Task requirements: From the line below that contains "A beautiful close-up" to the line that contains "Felső szint: 3", repeat every line exactly, both ends included, and nothing else.

Given data:
------------------------------------------------------------------------

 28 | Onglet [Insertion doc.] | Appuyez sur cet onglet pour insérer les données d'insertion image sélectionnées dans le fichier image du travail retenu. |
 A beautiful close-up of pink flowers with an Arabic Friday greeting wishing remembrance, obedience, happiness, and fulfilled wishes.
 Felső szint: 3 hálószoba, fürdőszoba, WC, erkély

------------------------------------------------------------------------

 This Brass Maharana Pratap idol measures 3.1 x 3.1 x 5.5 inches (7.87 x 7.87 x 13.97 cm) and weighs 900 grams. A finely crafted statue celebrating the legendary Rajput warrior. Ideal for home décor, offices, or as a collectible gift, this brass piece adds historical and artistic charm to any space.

------------------------------------------------------------------------

Result:
 A beautiful close-up of pink flowers with an Arabic Friday greeting wishing remembrance, obedience, happiness, and fulfilled wishes.
 Felső szint: 3 hálószoba, fürdőszoba, WC, erkély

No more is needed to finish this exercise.